Molti di noi conoscono Carola Carulli come voce del TG2, dove i suoi servizi culturali sono attesi con interesse da chi è appassionato di musica e letteratura. Io che la seguivo da tempo sui social e avevo notato la sua capacità nel rendere per iscritto emozioni, pensieri fluidi e capacità d’introspezione, mi chiedevo come mai non si decidesse a pubblicare un libro, lei che sulle narrazioni aveva costruito una fulgida carriera. Ora il libro è arrivato, grazie anche al fiuto di Salani, e si intitola “Tutto il bene, tutto il male”.



Si tratta di una storia di donne e lacerazioni – ma anche ricomposizioni – che racconta famiglie mancate e famiglie acquisite, padri che non sanno svolgere in equilibrio il loro ruolo e la scelta come risposta possibile.

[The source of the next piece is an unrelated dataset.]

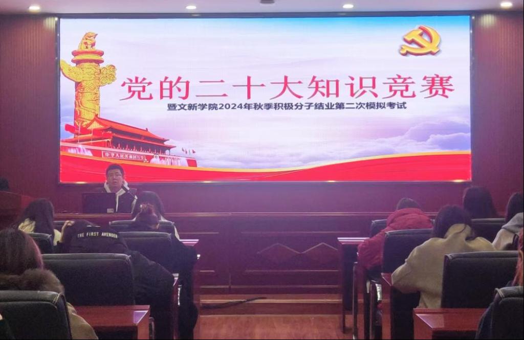 为贯彻落实党的二十大精神,积极探索“党建+互联网”新模式,进一步提升积极分子的理论知识水平,11月25日12时10分,“党的二十大知识竞赛暨文新学院2024年秋季积极分子第二次模拟考试”于伟德金盆岭校区九号教学楼218室成功举行。

«Siamo figli di chiunque sia in grado di prendersi cura di noi» dice Levante nello strillo in fascetta e questo romanzo lo dimostra. Voce narrante è Sveva, che elegge l’adorata zia Alma a sostituta materna, tessendo con lei un rapporto fondante che, con gli anni diventerà sempre più indissolubile. Del resto le due sorelle, Alma e Sarah, non hanno avuto una famiglia esemplare e forse è questo il motivo per cui la madre di Sveva non riesce proprio a mostrare un atteggiamento accudente.



Personaggio sincero e vibrante, Alma è una di quelle donne che non si dimenticano in virtù delle belle sensazioni che lasciano dietro di sé. Vive in una pittoresca casa sul mare e fa la sceneggiatrice. “Epicentro contagioso” capace di passare dal silenzio all’irritazione, effonde energia attorno a sé e insegna alla nipote, tra le altre cose, a restare autentica, a non piegarsi mai a ciò che la società le imporrebbe in quanto donna. Lei per prima esce dalle schiere omologate sia per forma mentis sia per condotta di vita e gusti personali:

«Riusciva a sdrammatizzare tutto, quando voleva, per quanto fosse drammatica su tutto il resto. Quanto era bella, con quelle gonne a fiori e quegli zoccoli di legno, i suoi mille anelli infilati sulle dita sottili che portava come qualcosa di sacro. Aveva una collezione di anelli con i simboli più diversi, molti venivano dai suoi viaggi in Oriente, altri li aveva comprati nei mercatini dell’usato».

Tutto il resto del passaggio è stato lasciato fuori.